§ **Provided information**
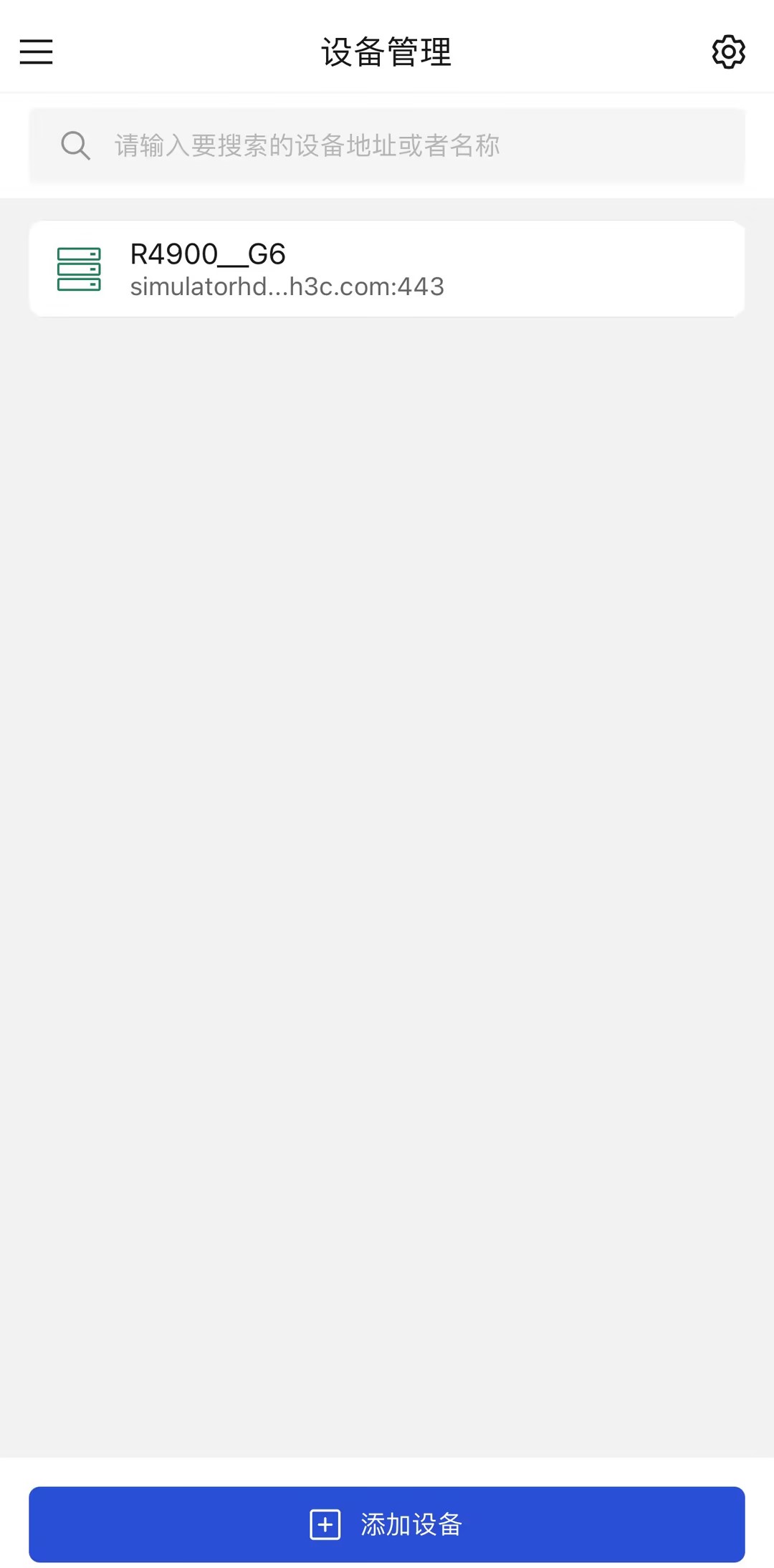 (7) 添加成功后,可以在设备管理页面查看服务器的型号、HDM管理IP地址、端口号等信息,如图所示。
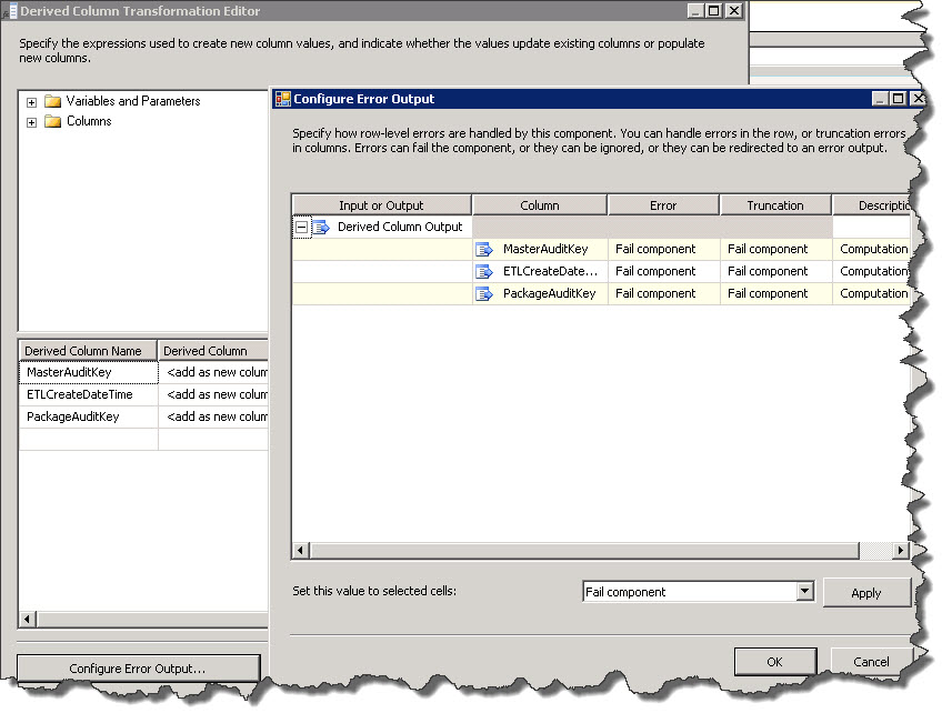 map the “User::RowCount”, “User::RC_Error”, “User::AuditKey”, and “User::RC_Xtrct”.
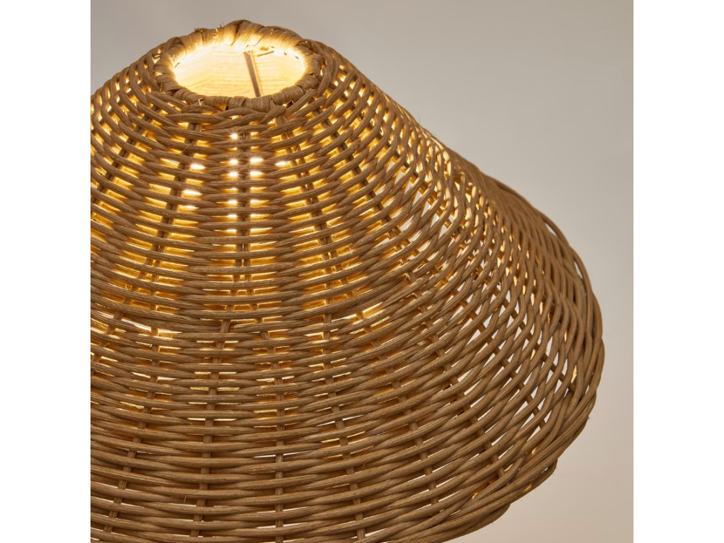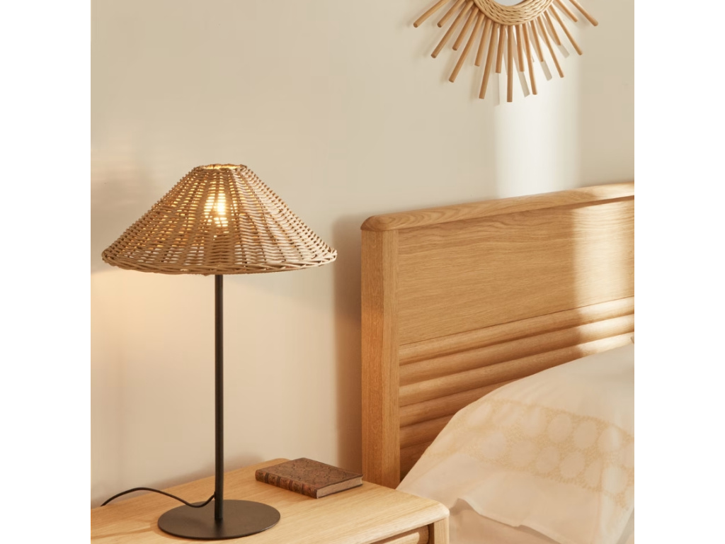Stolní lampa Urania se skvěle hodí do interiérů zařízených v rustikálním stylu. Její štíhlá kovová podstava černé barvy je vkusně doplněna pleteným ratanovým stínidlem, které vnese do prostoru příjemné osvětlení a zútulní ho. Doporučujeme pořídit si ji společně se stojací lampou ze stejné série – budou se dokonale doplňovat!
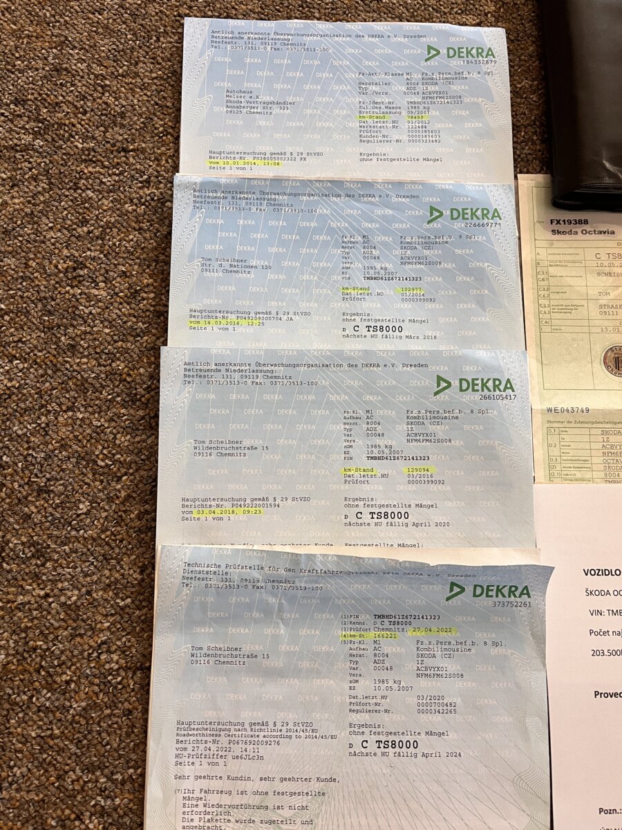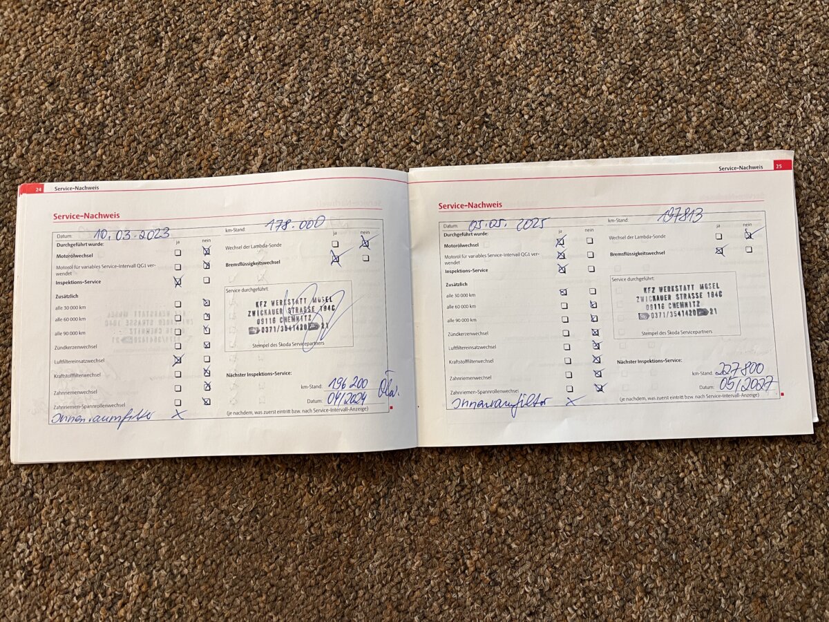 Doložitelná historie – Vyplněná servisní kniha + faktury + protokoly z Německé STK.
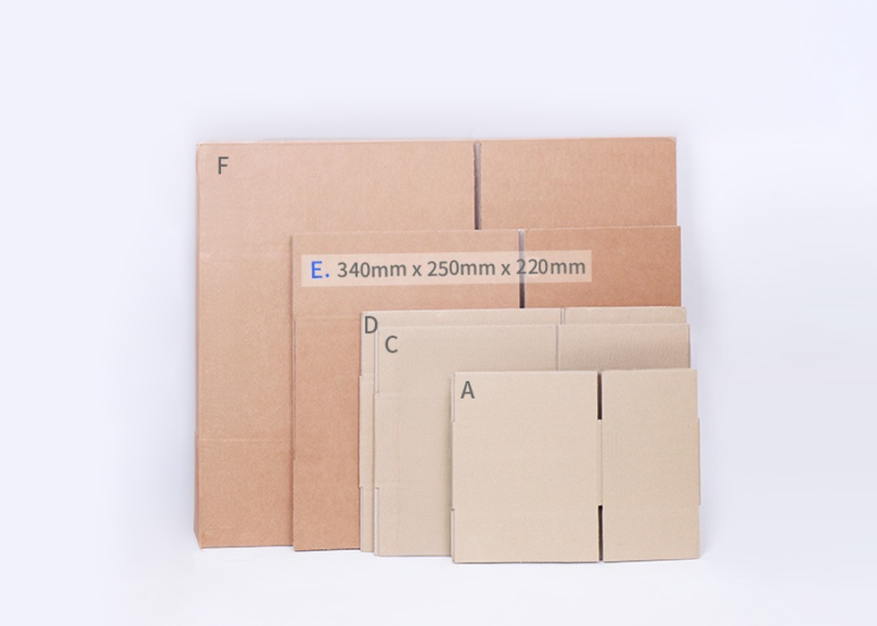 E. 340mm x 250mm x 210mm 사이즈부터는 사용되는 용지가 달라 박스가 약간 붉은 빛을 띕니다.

---

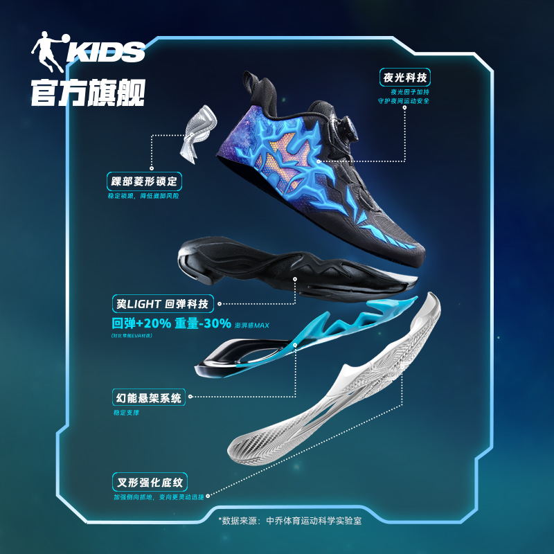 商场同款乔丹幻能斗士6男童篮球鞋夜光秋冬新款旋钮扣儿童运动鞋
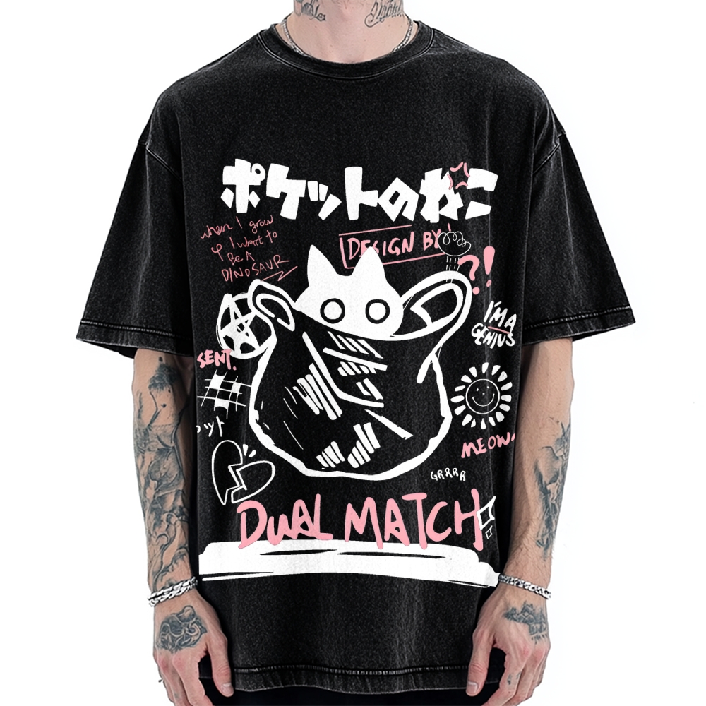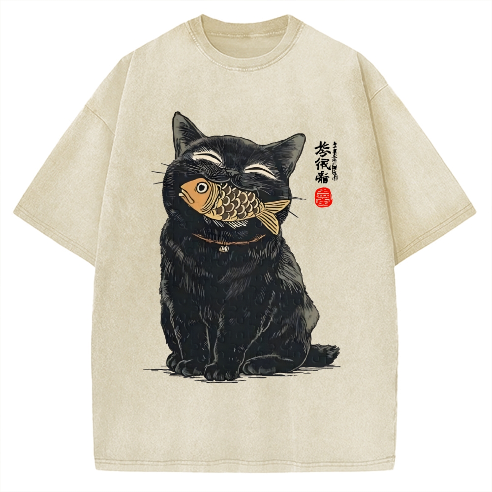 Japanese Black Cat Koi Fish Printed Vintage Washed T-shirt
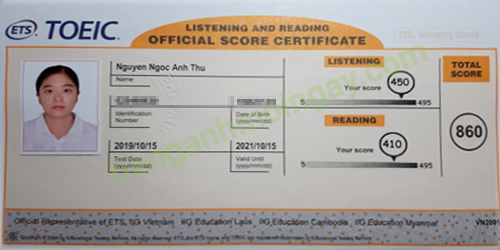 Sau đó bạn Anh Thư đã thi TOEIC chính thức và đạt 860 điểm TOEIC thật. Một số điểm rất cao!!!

§ **Try it**
Above are the records. Copy only the lines from the one with "Stolní lampa Urania" through the one with "E. 340mm x 250mm", exactly, with no pictures.

§ **Written solution**
Stolní lampa Urania se skvěle hodí do interiérů zařízených v rustikálním stylu. Její štíhlá kovová podstava černé barvy je vkusně doplněna pleteným ratanovým stínidlem, které vnese do prostoru příjemné osvětlení a zútulní ho. Doporučujeme pořídit si ji společně se stojací lampou ze stejné série – budou se dokonale doplňovat!
 Doložitelná historie – Vyplněná servisní kniha + faktury + protokoly z Německé STK.
 E. 340mm x 250mm x 210mm 사이즈부터는 사용되는 용지가 달라 박스가 약간 붉은 빛을 띕니다.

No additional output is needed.